§ **THE PROBLEM**
Transcribe the records below from the first line to the line that includes "Цель работы: рассказать", inclusive, and omit the pictures.

§ **Items from a data source**
- Opening Delimiter -
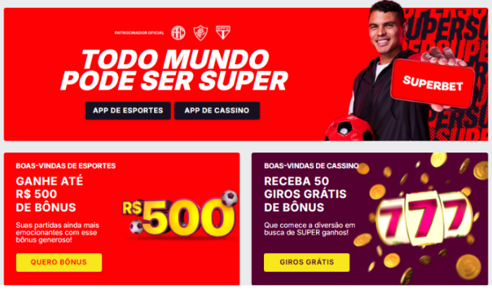 Você pode apostar nesses bilhetes utilizando o valor do bônus Superbet, que é de 100% até R$ 500,00 para a seção de apostas esportivas.
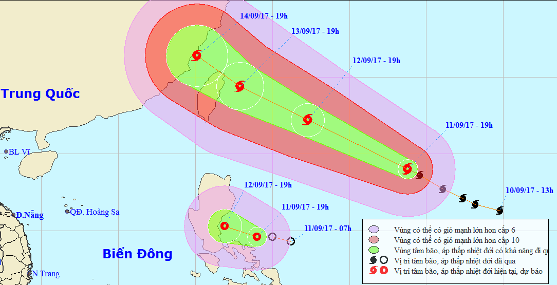 Đến 19h ngày 12/9, vị trí tâm bão ở vào khoảng 22,2 độ Vĩ Bắc; 127,3 độ Kinh Đông, cách đảo Đài Loan (Trung Quốc) khoảng 680km về phía Đông Đông Nam. Sức gió mạnh nhất ở vùng gần tâm bão mạnh cấp 14-15 (150 đến 185 km/giờ), giật trên cấp 17.
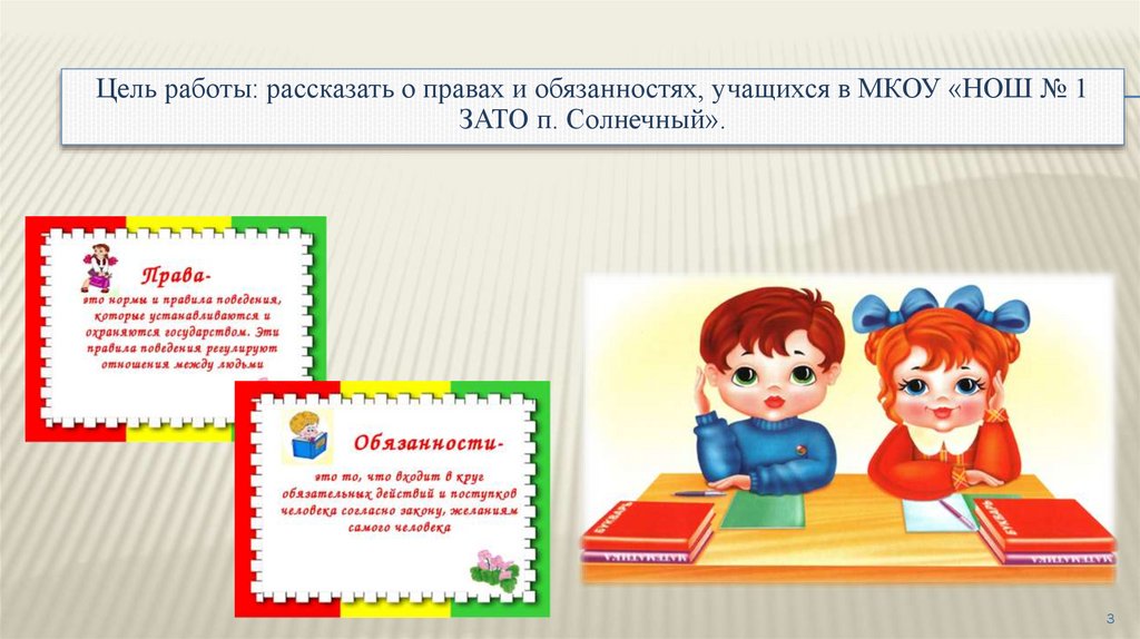 Цель работы: рассказать о правах и обязанностях, учащихся в МКОУ «НОШ № 1ЗАТО п. Солнечный».
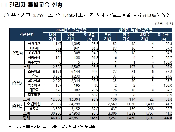 다만, 이번 점검에서 미입력·시스템 미가입(81.9%), 대면교육 미실시(16.4%)* 등 사유로 총 3,257개 기관이 부진기관으로 확인됐다. 이 중 관리자 특별교육** 까지 미이수한 기관은 1,797개소로 공직유관단체 8개소, 각급학교 22개소, 유치원 268개소, 어린이집 1,499개소로 나타났다.
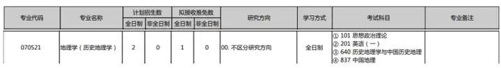 科目:① 101 思想政治理论② 201英语一③ 640 历史地理学与中国历史地理
- Closing Delimiter -
§ **OUTPUT FOR THIS EXERCISE**
 Você pode apostar nesses bilhetes utilizando o valor do bônus Superbet, que é de 100% até R$ 500,00 para a seção de apostas esportivas.
 Đến 19h ngày 12/9, vị trí tâm bão ở vào khoảng 22,2 độ Vĩ Bắc; 127,3 độ Kinh Đông, cách đảo Đài Loan (Trung Quốc) khoảng 680km về phía Đông Đông Nam. Sức gió mạnh nhất ở vùng gần tâm bão mạnh cấp 14-15 (150 đến 185 km/giờ), giật trên cấp 17.
 Цель работы: рассказать о правах и обязанностях, учащихся в МКОУ «НОШ № 1ЗАТО п. Солнечный».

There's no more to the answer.